As well as this, there is another layer in the way these bastions of British empirical force behave towards the native people of the region. This story takes place at the height of Empire, native people were to be subjugated in the name of the queen and either set to work in support of their British masters or simply slain and robbed of their land, possessions and, all too often, their lives. Would the outcome have been different if they had adopted a more conciliatory and cooperative approach to the indigenous Inuit tribes? We will never know for sure but the author does explore this to an extent. In the character of Captain Francis Crozier we find a man embittered by the way in which he has never quite been accepted throughout his life – a captain in the navy but overlooked many times for significant appointments, a man rejected in love because of his heritage – someone with a big chip on his shoulder and an resulting addiction to alcohol that very nearly kills him. As the veneered layers of civilisation are removed as the result of one catastrophe after another we witness a man, a decent human, emerge. When all is said and done that is what we will all discover – that when we strip away civilisation, when we cut through all these ideas about how life should be lived, it’s just me and you and how we treat each other.

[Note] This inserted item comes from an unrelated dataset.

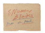 Dessin daté de « Cannes, le 14.1.57 » et dédicacé « pour Louis Broder », exécuté aux crayons rouge et bleu. Cramer, 78 (n'indique pas cette suite numérotée sur 2 de la lithographie et des pointes sèches, sans aucun doute réservées à l'artiste et à l'éditeur). La rencontre de Max Jacob, alors qu'il n'avait que vingt ans, fut déterminante dans la vie de Picasso. Il partagea sa chambre boulevard Voltaire avant de s'établir au Bateau lavoir, à Montmartre, où le suit Max Jacob. Max Jacob initiera le jeune peintre espagnol à la culture et sera son ardent défenseur.

Do we treat each other with kindness or not? It is a choice we make every day of our lives but how many times do we get it right? Moreover, how often do we blame the circumstances in which the choice is made for the outcome?
In the fictionalised account of this expedition Francis Crozier chooses not to return to the civilisation that bent, twisted and almost ruined him and to remain instead amongst the people that showed him some basic human kindness and revealed that there was so much more to life when lived as it is rather than how we think it ought to be.